About our Client: Based in Chicago, our client is a cutting edge innovator in eDiscovery with over 15 years of experience in the legal support vertical. From forensic collections and paper discovery to enhanced use of analytics and AI to streamline attorney review, their solutions address every piece of the EDRM.


Challenge:  Our client contacted us with an urgent plea for assistance for a unique document collection.  They had received 3 productions of unstructured data and could determine after a just cursory glance that there was a high level of duplication in the population.  When using eDiscovery software, duplicate documents are easily removed using unique MD5 Hash values or extracted text.  In this case, the productions were scanned images with no usable metadata.   Due to poor image quality and frequency of marginalia, OCR text was completely unreliable for near-dup analysis. A review by attorneys and paralegals was out of the question with a looming deadline and limited resources to reliably carry out this time-consuming manual process.   How could the client avoid sifting through thousands of duplicate pages or spot key differences in near duplicates that could be crucial to their case?

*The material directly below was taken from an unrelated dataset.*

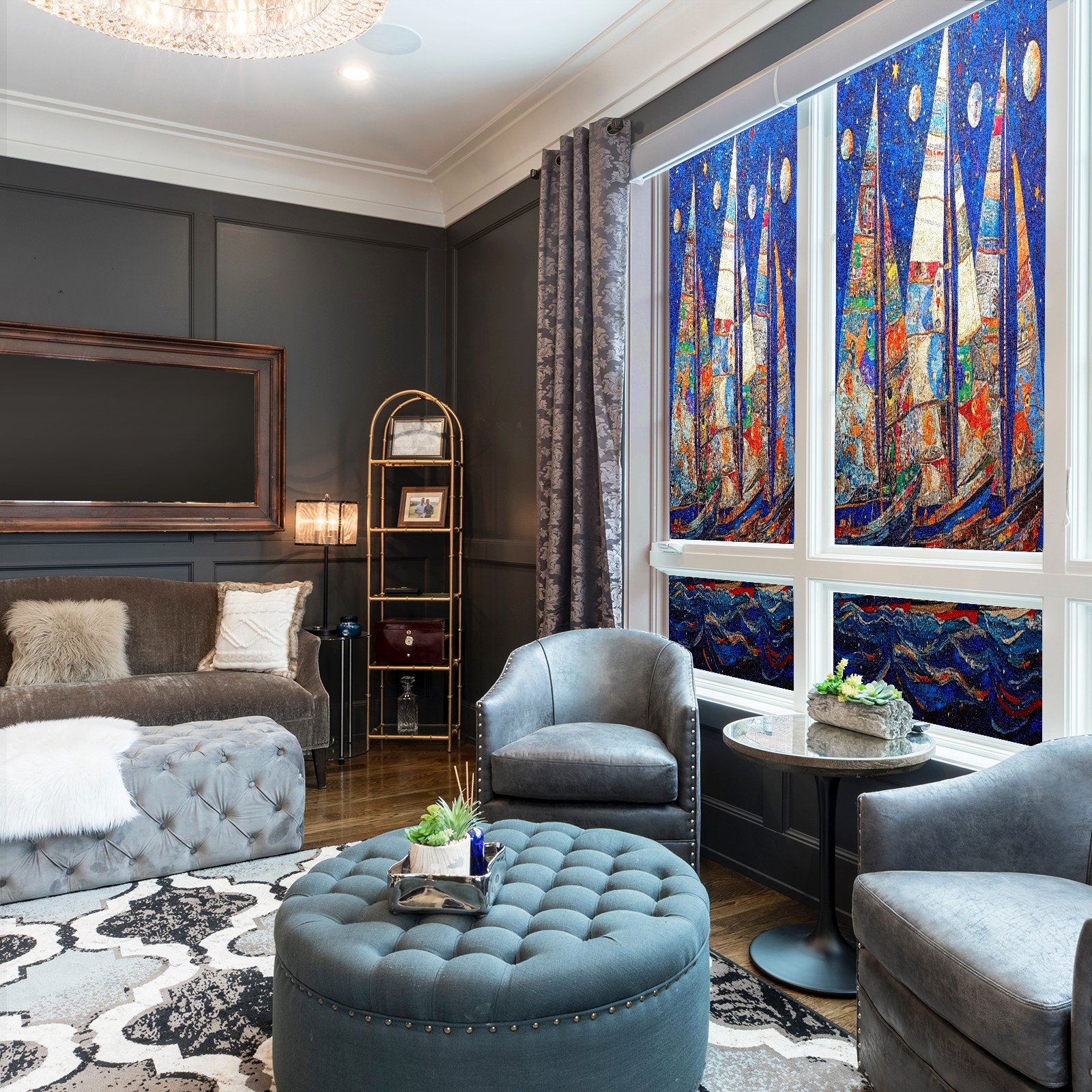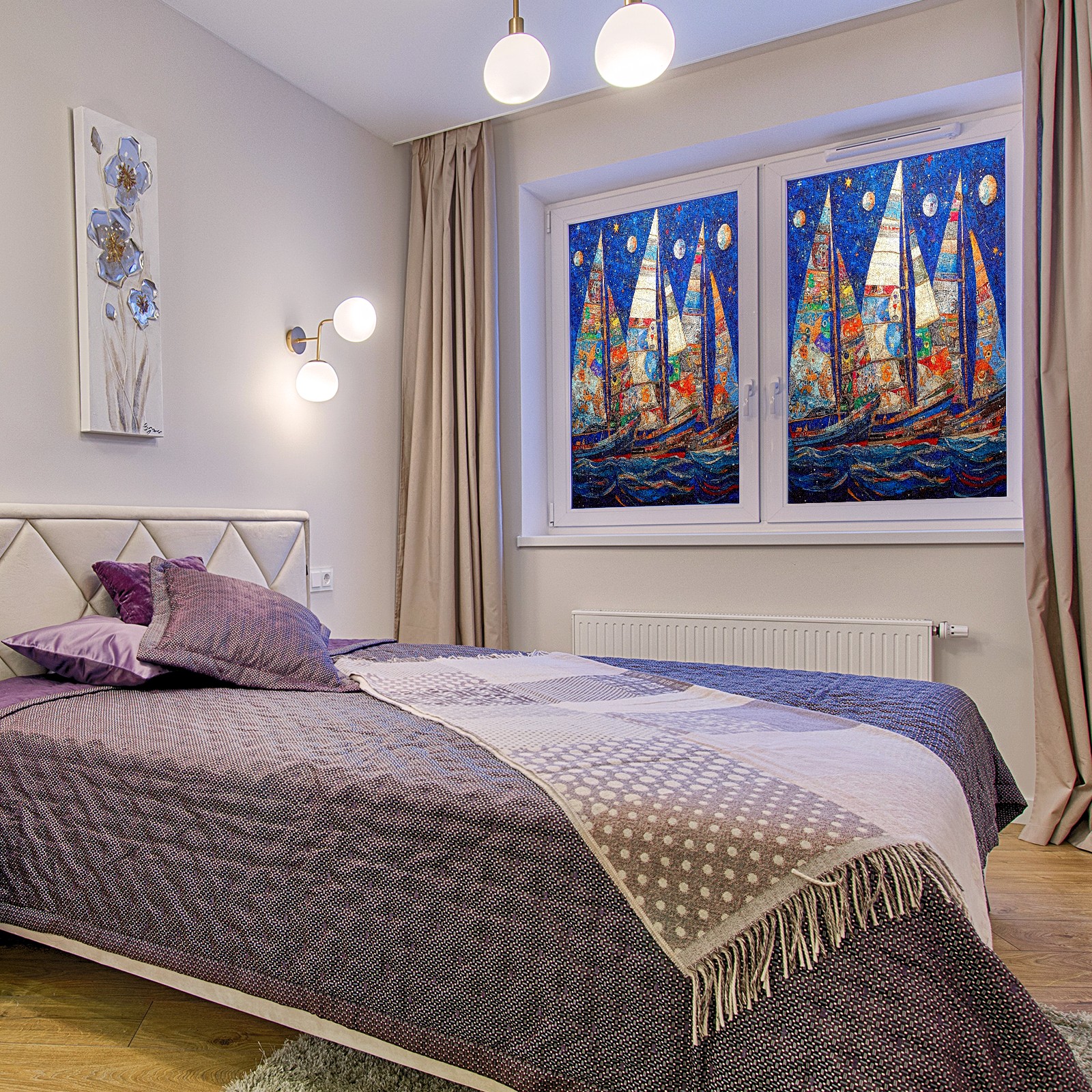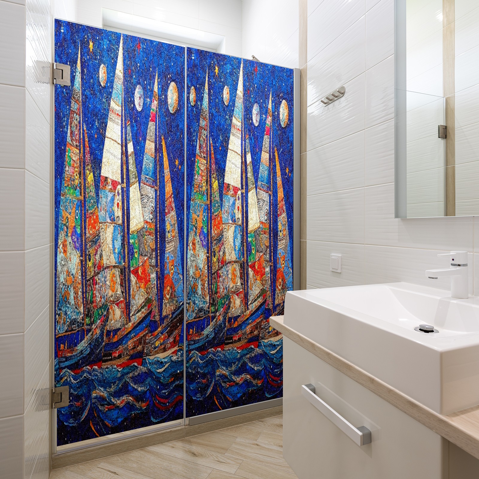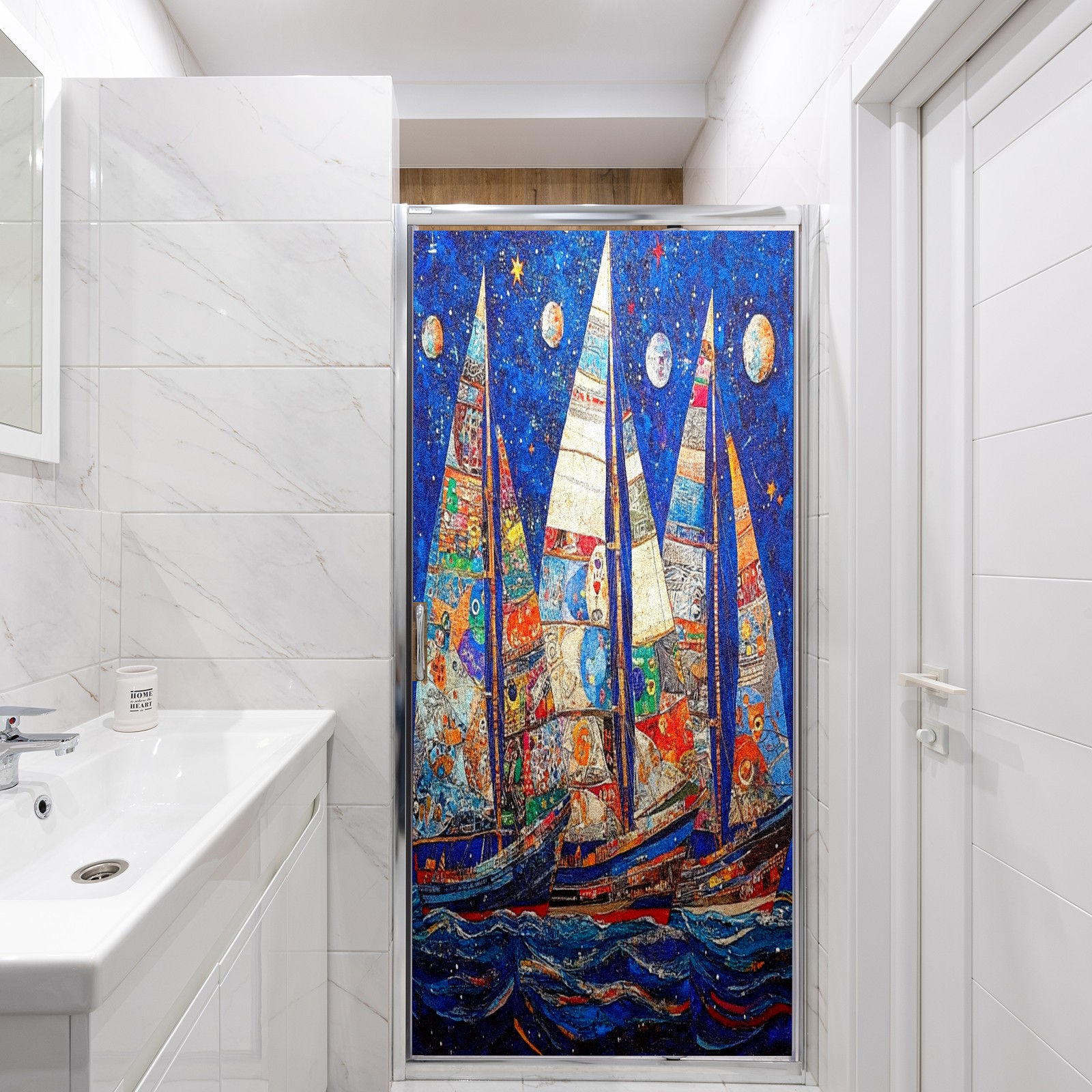 Matte Privacy Window Film | Static Cling, One-Way Glass Insulation Film, UV Blocking & Heat Insulating | Non-Adhesive, Removable for Home, Office & BathroomSailboats

Solution:  The first step in the process was to apply correct unitization through 247Digitize’s logical document determination (LDD) process. From 899 received records, 247Digitizewas able to determine 4,522 true documents for review.  Step 2 started with 247Digitize consulting with the client to determine 4 fields of data that could be manually coded from the record set to yield unique values.  These results would be used to accurately sort and identify potentially duplicate records.  Those identified would undergo a final 100% page by page analysis to confirm the presence and level of content duplication.  The final step would be the most tedious and costly to the client so 247Digitize went a step further, developing their own classification methodology resulting in 181 sub-categories of documents.  By taking the client’s category list to a granular level, we were able to reduce the duplicate count and manual review time significantly.


Results:  Over a period of 10 days, the project team executed every step of the project plan, identifying 80% of 4,522 documents as suspected duplicates.  Of these, 46% were identified as true duplicates with the balance having some duplication critical for secondary attorney review.  Both full and partial duplicates were presented to the client via Relativity’s Related Items pane allowing efficient review and tagging for relevancy and responsiveness ahead of trial.


247Digitize received positive reviews from the client not only for execution of the project but for thorough consultation that helped them save effort and money.  Our proactive approach helped the client achieve results at a fraction of the time and cost of internal resources and will serve as the blueprint for related matters in the future.